[WHAT TO WORK ON] Give back each entry unchanged, minus pictures.

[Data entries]
******************************

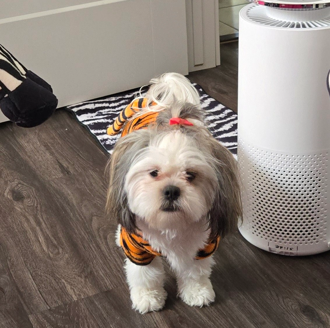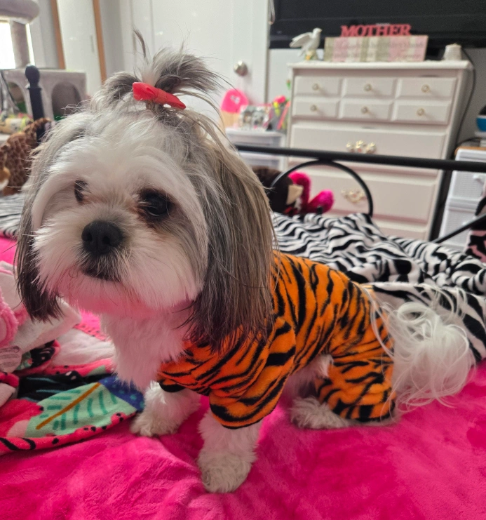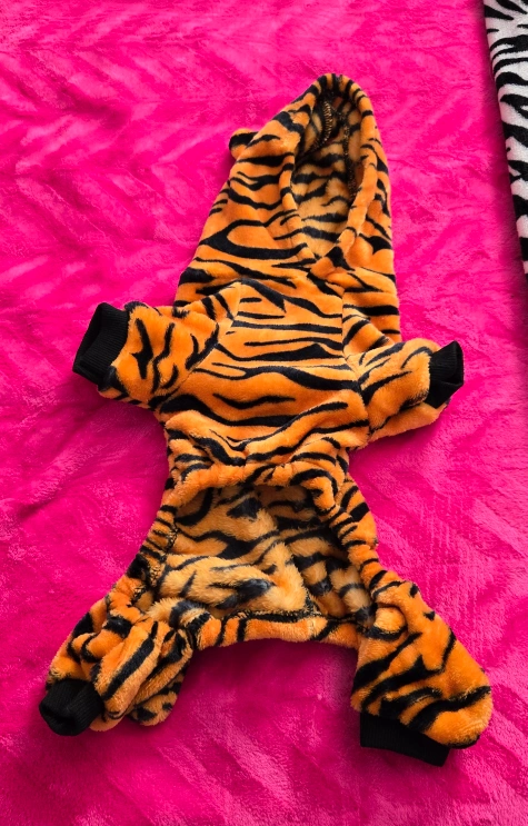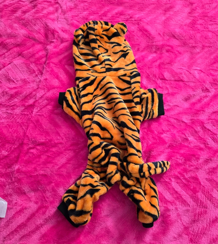 Super cute tiger print onesie for your furry friend! It's in great condition and perfect for keeping your pup warm and stylish. The onesie features a hood and a tail, adding to the adorable look. It's made of a soft, cozy material, ensuring your dog's comfort while wearing it bought it for my puppy for Halloween but its too tight on her..pick up NE Flats
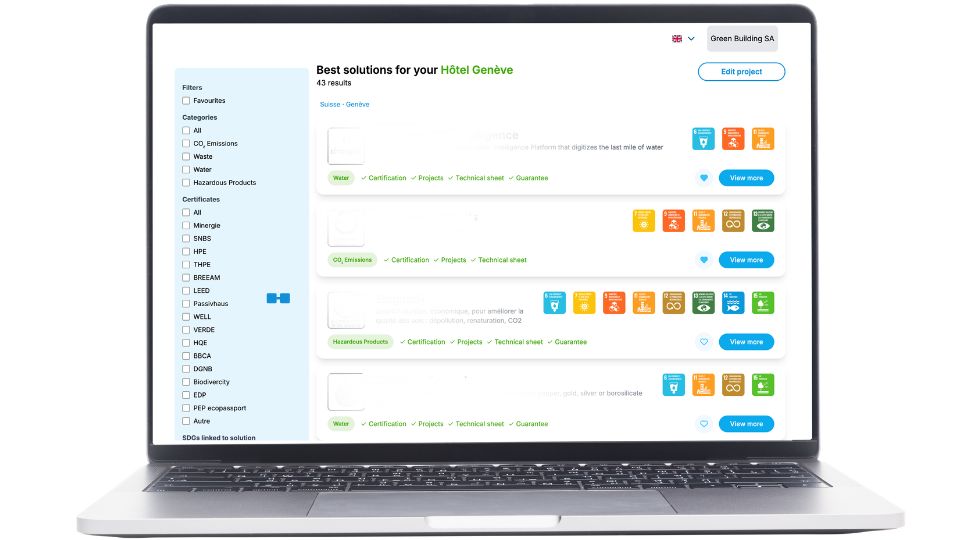 Discover a selection of over 100 sustainable technologies. From CO₂ reduction to water management, find providers relevant to your region.
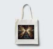 Una rappresentazione surreale di strutture architettoniche simmetriche e torreggianti che convergono verso una luce centrale incandescente. I disegni intricati, l'illuminazione calda e la prospettiva drammatica creano un'immagine impressionante e ultraterrena.
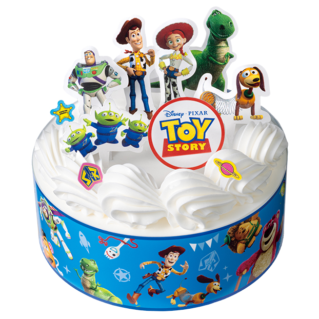 「トイストーリー」のキャラクターピックを自由に飾って楽しめるケーキです。
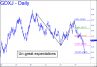 By now, we’ve come to expect little of rallies in this vehicle, and so last week’s so-far modest bounce off a secondary Hidden Pivot at 30.68 is unlikely to arouse much interest. It could run all the way up to the green line (x=36.77) and still be nothing more than a promising short. Thereafter, or perhaps before then, look for GDXJ to turn south, bound for the 27.63 target. The good news is that the pattern is a pretty one likely to produce a targeted low we can trust.
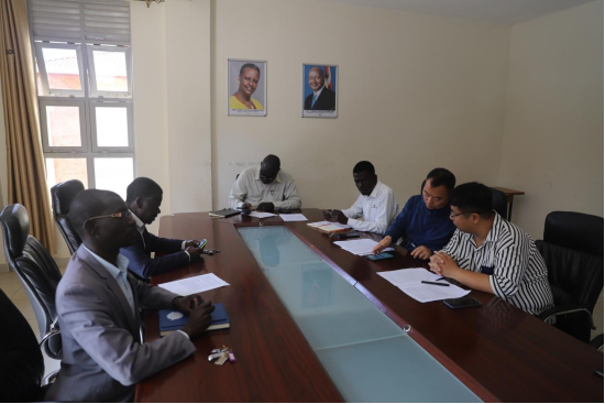 2025年5月19日,beat365英国官方网站、埃尔贡乌干达技术学院和天唐集团在乌干达召开鲁班工坊招生工作推进会,座谈会上,参会人员共同对鲁班工坊的扩大宣传及招生工作、EPIP教学的师资培训、职业技能培训需求、埃尔贡学院师生来华事宜、网络建设等事宜进行了深入沟通与交流,出席本次会议的人员有埃尔贡乌干达技术学院校长Wenana Francis、学生处主任Angiju Joseph、财务主任Ebwauyu Faustine、行政主任Nabyata Abbas,天唐集团中乌姆巴莱工业园行政经理张攀峰,学院出访教师团组成员肖军、张志超、窦广福、王亮。

******************************

[PROBLEM SOLUTION]
 Super cute tiger print onesie for your furry friend! It's in great condition and perfect for keeping your pup warm and stylish. The onesie features a hood and a tail, adding to the adorable look. It's made of a soft, cozy material, ensuring your dog's comfort while wearing it bought it for my puppy for Halloween but its too tight on her..pick up NE Flats
 Discover a selection of over 100 sustainable technologies. From CO₂ reduction to water management, find providers relevant to your region.
 Una rappresentazione surreale di strutture architettoniche simmetriche e torreggianti che convergono verso una luce centrale incandescente. I disegni intricati, l'illuminazione calda e la prospettiva drammatica creano un'immagine impressionante e ultraterrena.
 「トイストーリー」のキャラクターピックを自由に飾って楽しめるケーキです。
 By now, we’ve come to expect little of rallies in this vehicle, and so last week’s so-far modest bounce off a secondary Hidden Pivot at 30.68 is unlikely to arouse much interest. It could run all the way up to the green line (x=36.77) and still be nothing more than a promising short. Thereafter, or perhaps before then, look for GDXJ to turn south, bound for the 27.63 target. The good news is that the pattern is a pretty one likely to produce a targeted low we can trust.
 2025年5月19日,beat365英国官方网站、埃尔贡乌干达技术学院和天唐集团在乌干达召开鲁班工坊招生工作推进会,座谈会上,参会人员共同对鲁班工坊的扩大宣传及招生工作、EPIP教学的师资培训、职业技能培训需求、埃尔贡学院师生来华事宜、网络建设等事宜进行了深入沟通与交流,出席本次会议的人员有埃尔贡乌干达技术学院校长Wenana Francis、学生处主任Angiju Joseph、财务主任Ebwauyu Faustine、行政主任Nabyata Abbas,天唐集团中乌姆巴莱工业园行政经理张攀峰,学院出访教师团组成员肖军、张志超、窦广福、王亮。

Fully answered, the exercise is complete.